Some vexing security and safety challenges have a simple solution: Move the buildings underground.

Another problem with subterranean space is that the skills of making and marketing underground structures have little overlap with those required by surface buildings of the same volume. The structural analysis of a building that is surrounded and therefore supported by rock is totally different from that of a freestanding edifice. In any structure for which management of heat gradients is important (reactors, refineries), allowances will have to be made for the fact that rock is an insulator while air is not, and people will have to be shown why they should have confidence in those allowances. The same point can be made across a range of issues, from building integrity to fire prevention. All these problems have to be rethought and the pool of those competent to do so is small.

Both of these problems, high costs and small expertise pools, are affected by total market size; the larger the market, the more R&D capital and skilled labor flow into the sector. Fortunately, the list of applications for underground space has been expanding steadily during this century, beginning with utilities and transport to sidestepping the zero-sum games that surface structures must fight with the forces of preservation and conservation to city parking.

Tunnel Boring Machines

One consequence of this growth has been steady technical progress. The first of the two families of technologies employed in this work, drill and blast, was invented in the 14th century when Marco Polo brought black gunpowder back from China.

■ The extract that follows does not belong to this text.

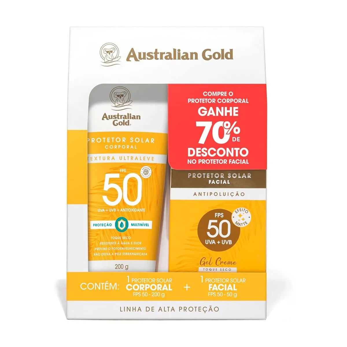 Promoção!Kit Protetor Solar Facial Fps50 50g + Protetor Solar Corporal Fps50 200g Australian Gold

The core procedure, which stayed basically unchanged for 600 years, was to drill holes in the working face, pack them full of explosives, run around the corner, touch off the charge, run back to the face (dealing with the fumes released by the explosion as best you could), try to get the roof supports shoved into place before the ceiling collapsed and then shovel out the fragments. It was a terrible job in every respect, not least because the system was impossible to scale. Only two or three people had room to work on a tunnel face at any one time, and conditions in chambers or caverns were not much better. Production was measured in a few linear feet a day.

In the 1950s an engineer named James Robbins hit on the idea of building a machine that would push cutter wheels or discs into the rock face and then rotate them in circles, like an immense glass cutter. Done with enough force, each of these rotations would shatter an inch or so of rock off the face. Improvements came slowly, but by the '90s tunnel boring machines, or TBMs, were handling the three key phases of the cycle: breaking the rock, picking up the pieces and dropping them on a disposal conveyor, and fabricating and installing a lining. A contemporary machine can excavate and line a tube with a diameter in the dozens of feet at an average rate of a hundred feet a day. (Actual rates vary widely.) The very largest TBMs have diameters approaching 50 feet, which is about what you need for a stack of two four-lane highways, one going in each direction.